When listed -ve to +ve like this a general rule to predict the outcome of a redox reaction is to say "bottom left will oxidise top right."

On this basis we can say that `sf(MnO_4^-)` will not be able to oxidise `sf(MnO_2)` to `sf(MnO_4^(2-)` because the `sf(E^@)` value is not +ve enough.

However, these values refer to standard conditions. Chemists are able to alter reaction conditions to drive the reaction in the direction they want.

Although `sf(+0.59>+0.56)` the values are very close. If we raise the concentration of `sf(OH^-)` Le Chatelier's Principle tells us that the 2nd 1/2 reaction should be driven to the left.

This will push out more electrons which will reduce the E value which makes the reaction thermodynamically feasible.

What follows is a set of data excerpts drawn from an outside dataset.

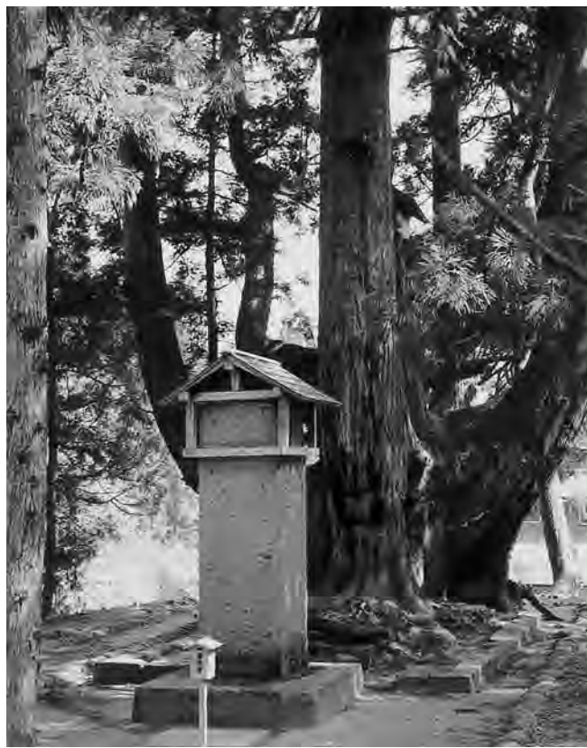
日本一の将軍杉と碑銘

余五将軍の終焉の地、岩谷にはその名にちなんで名付けられた日本一の杉の巨木「将軍杉」が聳えている。千四百年の時を経て、その歴史の生き証人はただただ無言である。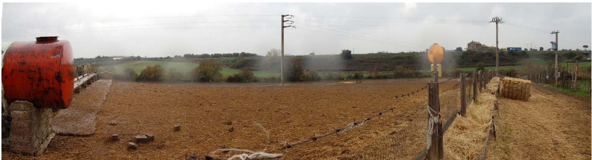
Foto 42 - Panoramica dei terreni che costituiscono il compendio pignorato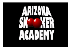
ROMIL AZEMET Academia de Snooker de Arizona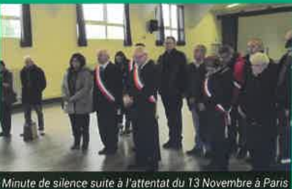
Minute de silence suite à l'attentat du 13 Novembre à Paris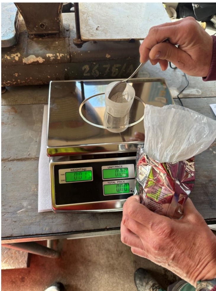
Obrázek č.2 Vytváření jíchy pro aplikaci preparátů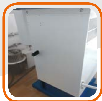
Регулировка высоты гладильного стола Surface ironing height adjustment with gas balancer.

The two 1/2 reactions now become:

`sf(MnO_2+4OH^(-)rarr2H_2O+MnO_4^(2-)+2e" "" "" "color(red)((1)))`

`sf(" "" "MnO_4^(-)+erarrMnO_4^(2-)" "" "" "" "" "" "" "color(white)(..)color(red)((2)))`

To get the electrons to balance we multiply `sf(color(red)((2))` by 2 then add to `sf(color(red)((1))rArr`

`sf(MnO_2+4OH^(-)+2MnO_4^(-)+cancel(2e)rarr2H_2O+3MnO_4^(2-)+cancel(2e))`

To do this take 10 ml of `sf(0.01color(white)(x)M)` `sf(KMnO_4^(-))` solution and 5 ml of 1 M NaOH solution.

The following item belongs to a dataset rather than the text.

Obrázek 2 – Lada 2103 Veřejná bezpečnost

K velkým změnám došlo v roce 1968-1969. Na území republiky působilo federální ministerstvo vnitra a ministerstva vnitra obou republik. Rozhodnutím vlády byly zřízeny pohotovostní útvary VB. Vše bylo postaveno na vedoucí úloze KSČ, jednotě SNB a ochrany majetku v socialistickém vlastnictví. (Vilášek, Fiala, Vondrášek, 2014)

Add a little manganese(IV) oxide (`sf(MnO_2))` and shake for a few minutes.

Filter the solution. You should see green `sf(MnO_4^(2-))` that looks like this:

This ion is only stable at high pH conditions. If you try adding a solution of dilute sulfuric acid then the process is reversed.

You see the purple color of `sf(MnO_4^(-)` return.

The net effect is Mn(VI) `rarr` Mn(VII) + Mn(IV)

When a species is simultaneously oxidised and reduced like this it is termed "disproportionation".

This all illustrates why many redox reactions are pH sensitive.